Last year I was working with a guy called Yokoyama from Yokohama, which caused my poor little brain no end of confusion. Todays visit to the latter passed without seeing the former, which is probably a good thing lest he wonder where his support got to…
The town is an odd mix of industry, leisure and commercialism. First stop was the theme park, which appeared to have been designed by someone playing a scenario from Rollercoaster Tycoon, one where you get a piece of land large enough for a small house and have to squeeze in three rollercoasters, a log plume and a ferris wheel. The answer, of course, is to make your park vertical, the ferris wheel was on top of the four story building holding the amusement arcades. Tickets for the rides are available from vending machines all around the park, so you’re just queuing to get on, if you’re actually queuing at all. There was also a fortune telling labyrinth and a treasure hunt, which both looked quite entertaining but I was saving going in for a day when I was with other people – these things aren’t so much fun on your own. There were some interesting machines in the arcades too, a glow-in-the-dark Snoopy machine, an Armadillo race, a guitar machine and Typing of the Dead (with real keyboards and everything, just what you need when you’re in a haunted house, actually next time I see one I’ll see who makes the keyboards – they must be pretty heavy duty) alongside the usual shooters and racing games.
The next building south along the harbour edge is another shopping mall, much the same as many of the malls in Tokyo until you get to the fifth floor. Suddenly you find yourself emerging from a Japanese interpretation of a London tube station (its kind of a mix of a number of stations, not one style in particular) into a muddled up interpretation of a European street full of American cafes.
Heading further south I could see the pier of the passenger ferry terminal sticking out into the harbour like a huge mutant cruise ship made of concrete and grass. I would like to have taken a walk along it but it seemed to only be open to travellers. There was a work of art at its ‘base’ (what is the point where pier meets land called? It must have a name), two huge shiny cubes. Shiny as in that sparkly paper you get which reflects different colours in patterns, not as in a solid wall of mirror. Nice art, but utterly utterly pointless.
Further south I found a park with a rather excellent Brazillian band in – the park was reminiscent of some of those in Paris, except that it had the sea on one side. It also had a man who was pretending to juggle chainsaws who was more of an exhibitionist than a good juggler, and almost certainly didn’t need the encouragement of people actually paying attention.
Somehow the harbour had the feel of 1930s epic cruises to it, maybe all harbours do to some extent, but it almost seems everyone has forgotten to tell anyone here that we’ve got aeroplanes now.
Looping back around up through the town I discovered Chinatown. This is nothing like the street in London we refer to as Chinatown, I guess because of the proximity of China to here, it goes on for miles and theres shops selling anything and everything China-related. Food, obviously features heavily, but so do clothes and theres quite a lot of tacky plastic toys whose only connection is that they happened to be made there.

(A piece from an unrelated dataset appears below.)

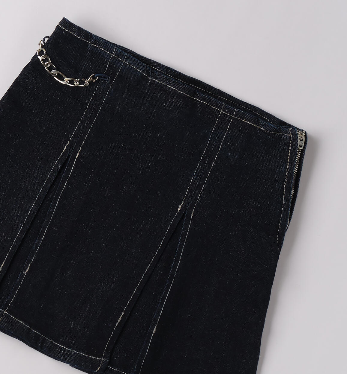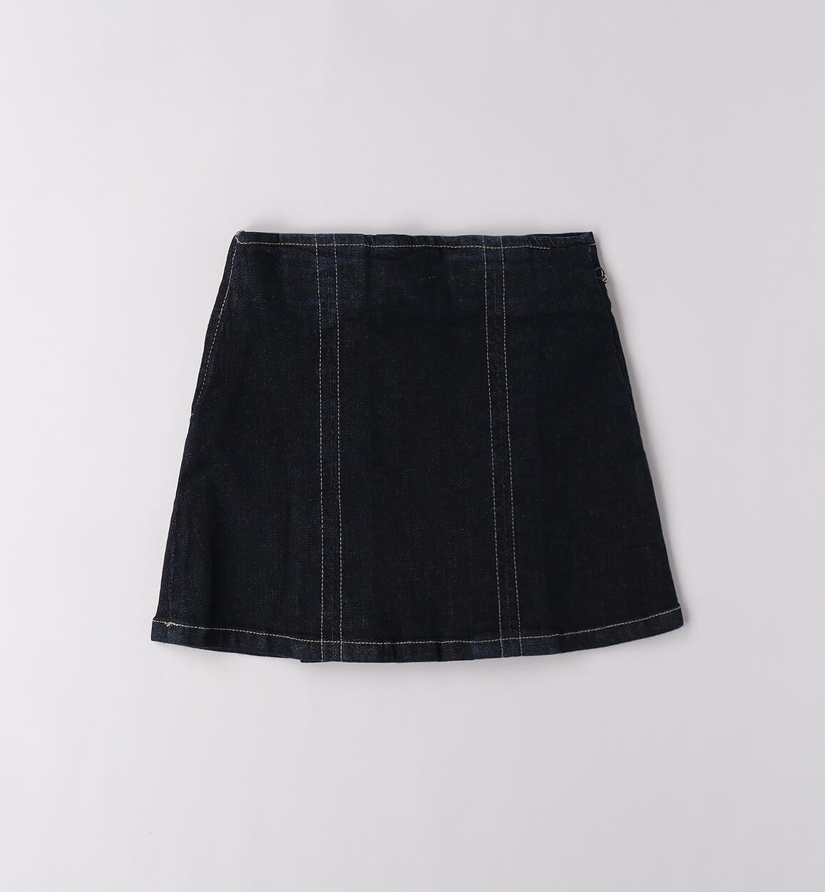 Sarabanda skirt for girls aged 8 to 16 years made of stretch cotton denim. Pleated model with chain appliqué. Zip closure. Adjustable waist with internal elastic. Mini length.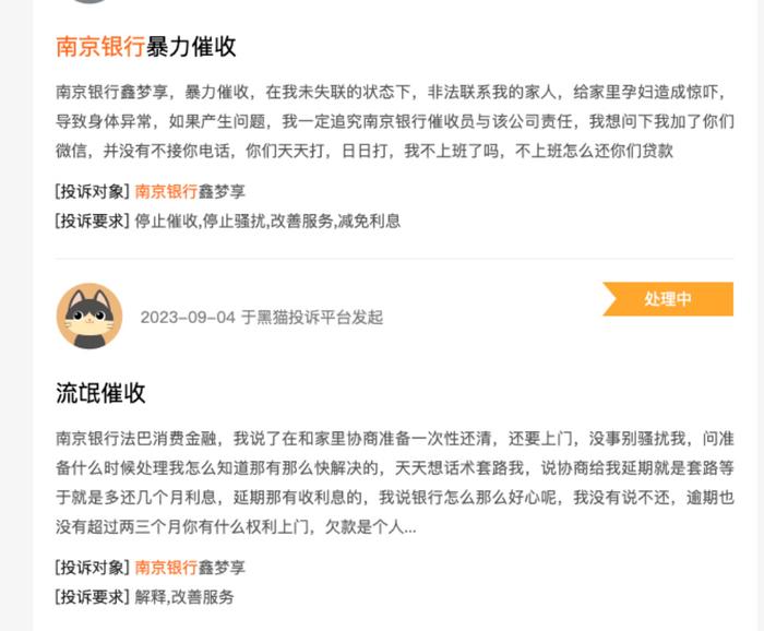 其中绝大多数投诉对象是南京银行旗下的“你好e贷”和“鑫梦享”的业务,这2者都是面向社会上消费者的消费信贷业务,而这些业务频频被投诉“砍头息、高利贷”等违规问题。

Navigating back toward the station theres a square with a glass sarcophogus on the ground just offset from the centre. Its getting dark by now so I peer into it to try to figure out what its all about, its just some old drain, odd then that it should be exposed so. Theres a little plaque by it which I’d not noticed when I wandered over to it, explaining that its a 100year old sewer and isn’t it so well engineered that it could still work if only we didn’t have this nice modern sewer system to replace it.
It was around this square that I saw my first ever motorcycle with a cruise light – I know they’re coming back in for cars these days back home, but on a motorbike?
Back at the concourse outside the station I remember the open air walkway leading off in the other direction that I was going to explore at some point, nows the time. It leads to Landmark Plaza, a shopping mall underneath the Landmark Tower, its a five story cathedral to consumerism. Todays gadget of the moment is a circular escalator. Well, strictly speaking it was actually two semicircular escalators, one up and one down. I had to go round a couple of times, much to the amusement of the locals.
Through the worshipping masses and on to the next mall, Queens Plaza which was mostly unremarkable except for the musical walkway (which plays electronic bells as you pass the posts along the middle, except it seemed intermittent, like it wasn’t paying attention if it was playing a note elsewhere) and on again to the Conference Centre and hotel at the seafront. Another conference centre like many others, made more amusing for me by having a Cafe Vague in it, sadly I’d already eaten so didn’t get a chance to try it – I will definitely be heading back there sometime.
After another quick go on the escalator I was off back along the moving walkway looking over the neon of the theme park – showing up more now that it was dark – and the impressive Panasonic CD adverts – an array of five 20ft Plasma screens showing animations of all the wonderful things you can store on their CDRs.
The station concourse was now alive with music, a Jazz band were competing with a pair of ravers (with mixing desk and everything), the metal band looked like they’d given up trying to compete and a sorry state they were in too. Lightweights.